Я увидела, как мама складывает в мой рюкзак запасную одежду, и подумала, что я ухожу из дома надолго, поэтому сунула в карман пару игрушек из "Киндера".
На улице было ещё очень темно. Я поежилась от сырого воздуха и спрятала руки в карманы. Мама быстро вела меня куда-то — явно не к бабушке — иногда подталкивая, потому что я хотела спать и шла еле-еле. Потом мы увидели какую-то большую толпу, мама взяла меня за руку и повела прямо туда.
В толпе плохо пахло, было шумно и ничего не видно. Я попробовала заговорить с мамой, но она только отмахнулась, тревожно высматривая кого-то или что-то.
И тут я почувствовала, как толпа начинает волноваться, сдавливать меня, куда-то нести. Я до боли вцепилась в мамину сумку. Стало жарко, очень тесно, темно, запахло ещё хуже, меня закачало и сморило в сон.

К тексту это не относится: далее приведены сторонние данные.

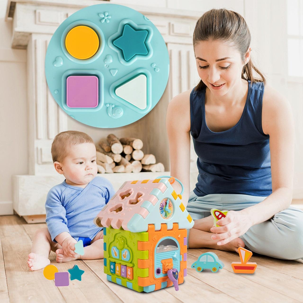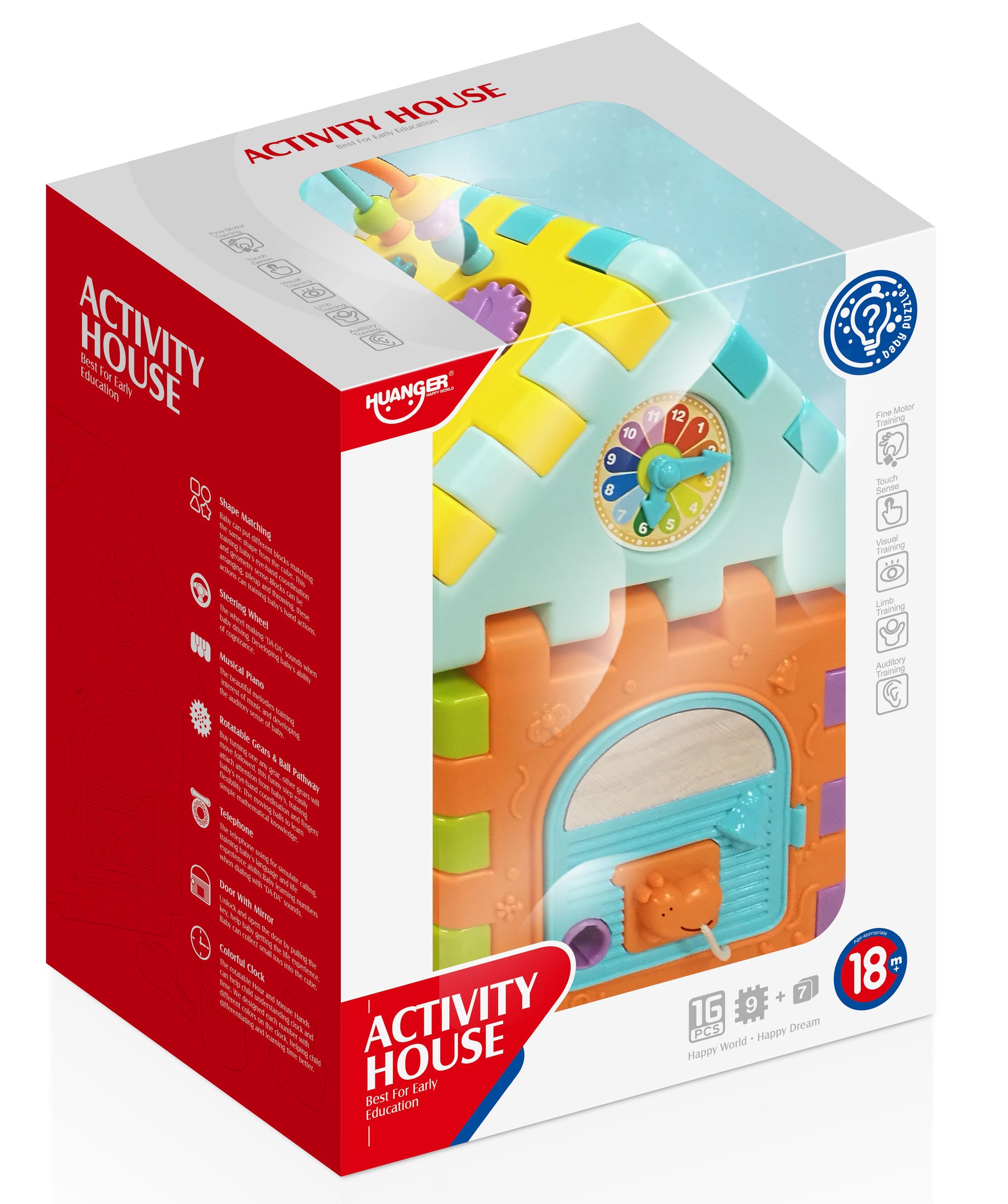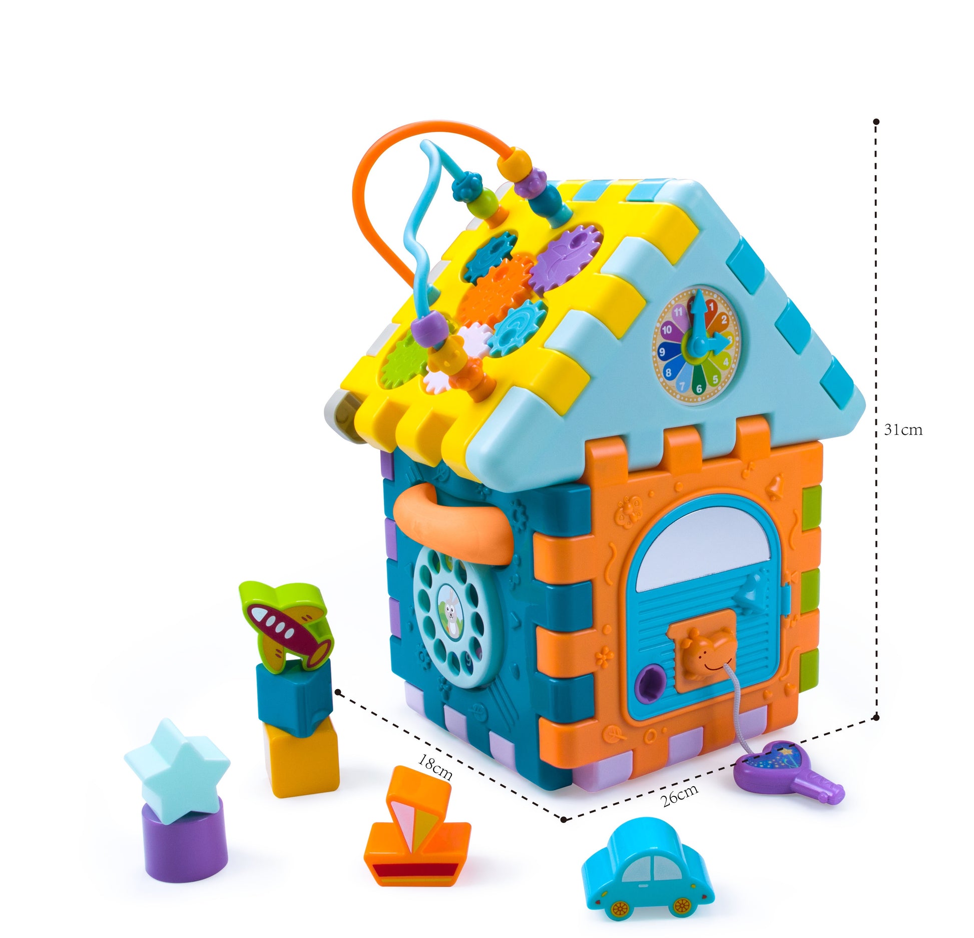 - Interactive Learning House: Includes various activities like a shape sorter, gears, telephone, and more to stimulate cognitive development.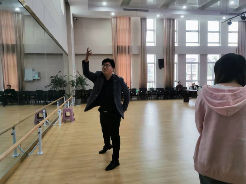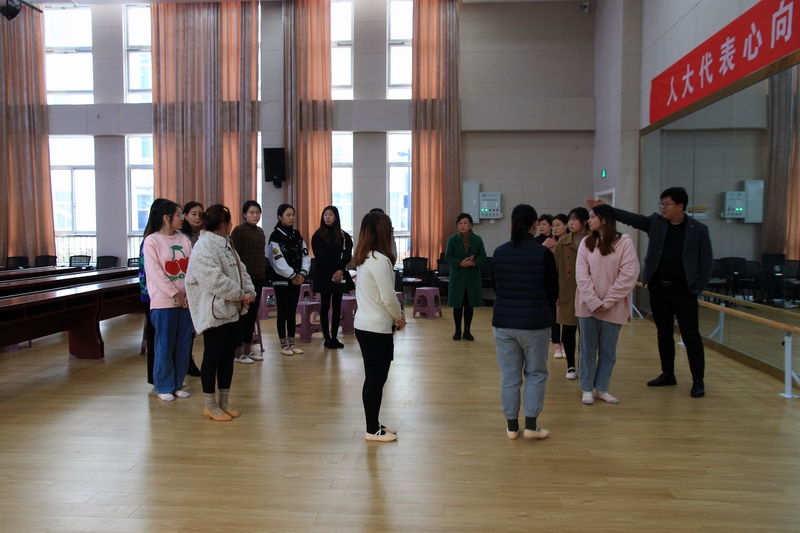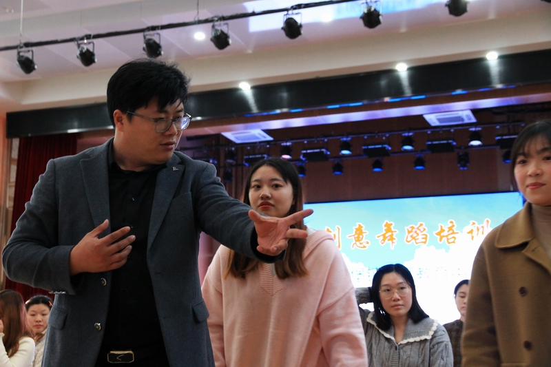 杭磊老师结合基本动作组合、队形变化、节奏等基本技法,边讲解边示范,特别强调要注意舞蹈表情神态,提高表现力。
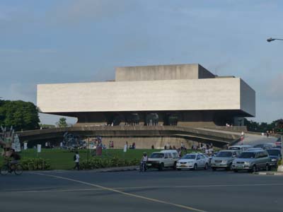 Le Metropolitan Theater, Art Déco 1930, est en l’état d’une ruine squatté par des mendiants. Le National Museum of the Philippines est fermée pour rénovation depuis plusieurs années. Le Rizal Park, en mémoire du Dr. José Rizal exécuté par les espagnoles en décembre 1896. Le renouveau architectural vit émerger des bâtiments en béton tel le Cultural Center of the Philippines par Leandro Locsin. |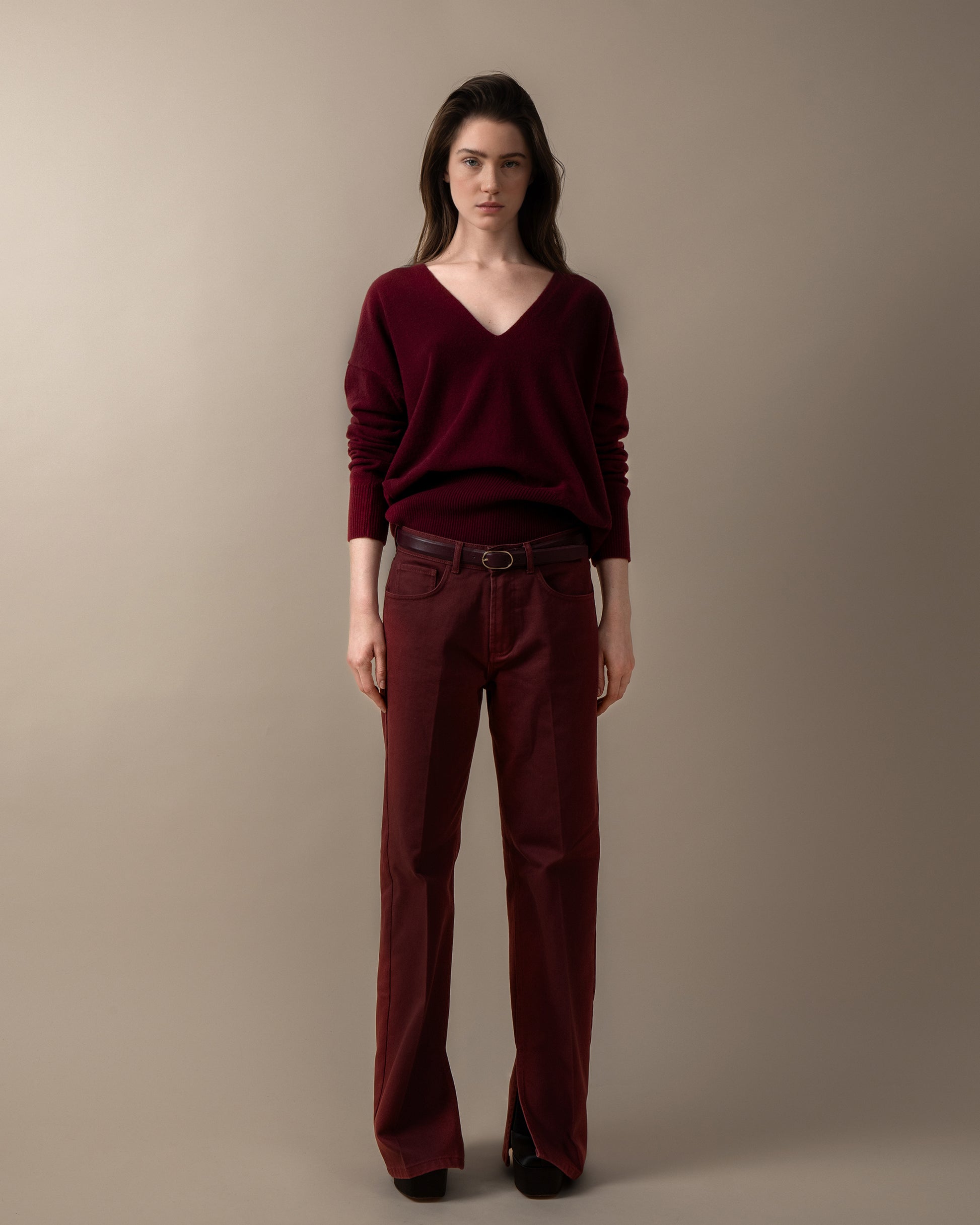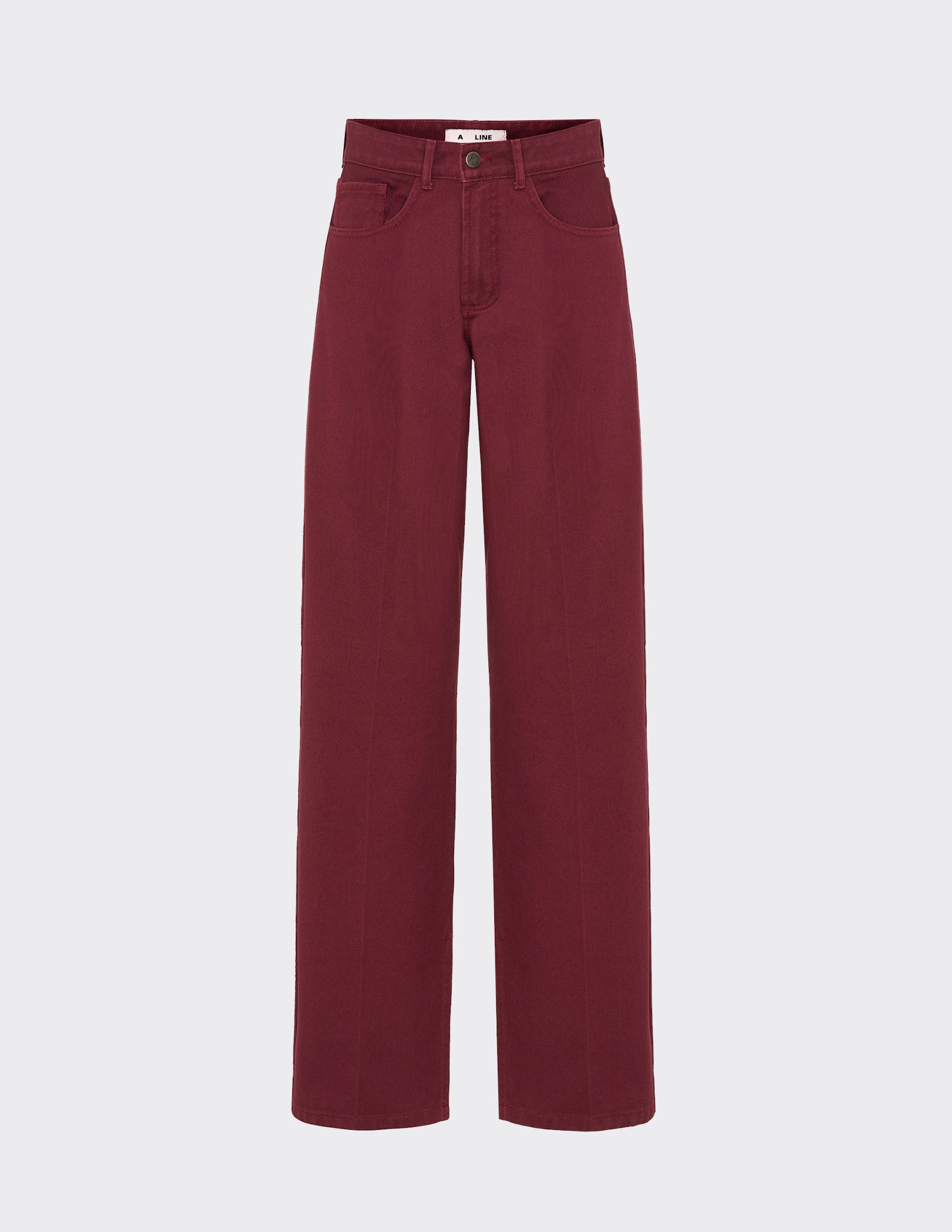 Boyish jeans with dropped waist. Creased leg, 5 pockets. Leather labelling. Back pockets with double stitching A-design. Belt loops with A-design detail on the back. Bottom hem with side vent on the interior of the leg.

В какой - то момент я поняла, что руки мои свободны.
— Мама! Ма-ама, ты где?!
Я заплакала. Надо мной раздались успокаивающие шепотки незнакомых людей. Мама, оказывается, была рядом, просто отпустила мою руку. Она обняла меня и прижала к ногам; стало уютно, и я опять заснула. Но даже сквозь сон ощущала, как нас толкает и куда-то несёт.
Потом меня грубо растолкали. Вокруг сердито кричали взрослые. Посветлело, и я увидела, что это, в основном, старенькие люди. Они охали, стонали и ругались. Где-то надрывно плакал малыш. Одна бабушка причитала, ковыряясь в бездонной сумке. Дяденька в красивой блестящей курточке дышал на нас неприятным запахом и едва не падал на маму. Я спрятала нос в мамину курточку и переступила затекшими ногами.
— Устала, детка? Ничего… Скоро всё кончится.
— Мам, я не хочу…
— Никто не хочет. Поверь.
Мама, извернувшись, присела и посадила меня на одно колено. Я обвила её шею руками и зевнула.
Толчки усилились. Теперь нас буквально подкидывало. В нос лезла пыль и вонь. Я больно стукалась о мамину ногу, мама качалась, едва не падала и закусывала губу.
— Я хочу писить.
— Милая, придётся терпеть.
— И пить.
— Я знаю. Я тоже хочу.
— Ма-ам… Я очень хочу писить.. .
— Крошка моя. — Мама крепко прижала меня к себе и поцеловала в макушку. — Как бы я хотела тебе помочь! Но не могу. Какой чёрт меня дёрнул…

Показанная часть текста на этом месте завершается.